Copper-binding mystery solved

Methanotrophs, bacteria that use methane as a food and energy source, have to acquire copper ions from their environment because their primary metabolic enzyme uses it to metabolize methane. Some methanotrophs produce natural products called methanobactins to acquire copper they need from the surrounding media.

Many methanobactins have two oxazolone-thioamide groups that act like pincers to grab copper tightly. Enzymes form these groups in MbnA, a methanobactin precursor peptide made by bacterial ribosomes, but researchers have not been able to show how the groups are created.

Amy C. Rosenzweig of Northwestern University and coworkers have now shown that two proteins, called MbnB and MbnC, combine to form a redox-active iron enzyme complex that oxidizes an MbnA cysteine to an oxazolone-thioamide group in the bacterium Methylosinus trichosporium OB3b. They reported the findings in Science (2018, DOI: 10.1126/science.aap9437) and in a Sunday presentation in the Division of Inorganic Chemistry at the ACS national meeting in New Orleans.

“This work is cool,” said professor David W. Graham of Newcastle University, who led a group that first structurally characterized the methanobactins in 2004. “Ever since we discovered and named the methanobactins, we speculated on how they were made.”

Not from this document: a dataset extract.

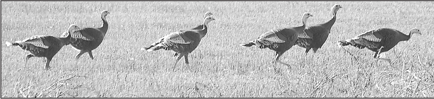
A flock of wild turkeys roamed the countryside of rural Logan County, southwest of Colby, on a bright sunny Sunday afternoon last weekend. The gobblers were on the Logan wildlife area near Russell Springs.
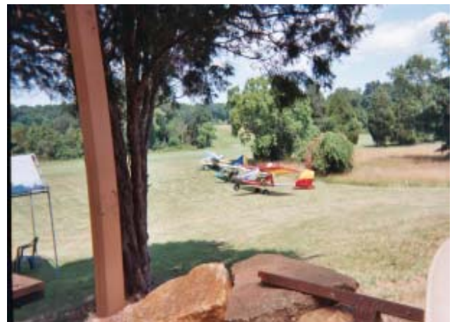
Warrenton Air Park after a Poker Run

Many nonmethanotrophic bacteria, including human pathogens, possess MbnB and MbnC, so the findings could make it easier to figure out how those microbes create methanobactin and methanobactin-like natural products. The Northwestern group believes engineered methanobactins could lead to drugs for copper-accumulation disorders such as Wilson disease, a genetic condition characterized by toxic copper buildup. Methanobactins may also have antibiotic activity, Rosenzweig said.

Researchers have found MbnA, MbnB, and MbnC genes together in every methanobactin gene cluster they studied. Rosenzweig and coworkers proposed in 2013 that MbnB and MbnC catalyzed the four-electron cysteine oxidation that produces each oxazolone-thioamide group.

What enabled them to prove it, Rosenzweig said, “were the incredible hard work of first author Grace E. Kenney, who pioneered the project, and a multidisciplinary approach that included bioinformatics, biochemistry, mass spectrometry, spectroscopy, and genetics.” The oxidation reaction’s detailed molecular mechanism still isn’t known, and finding it may be one of the group’s next steps.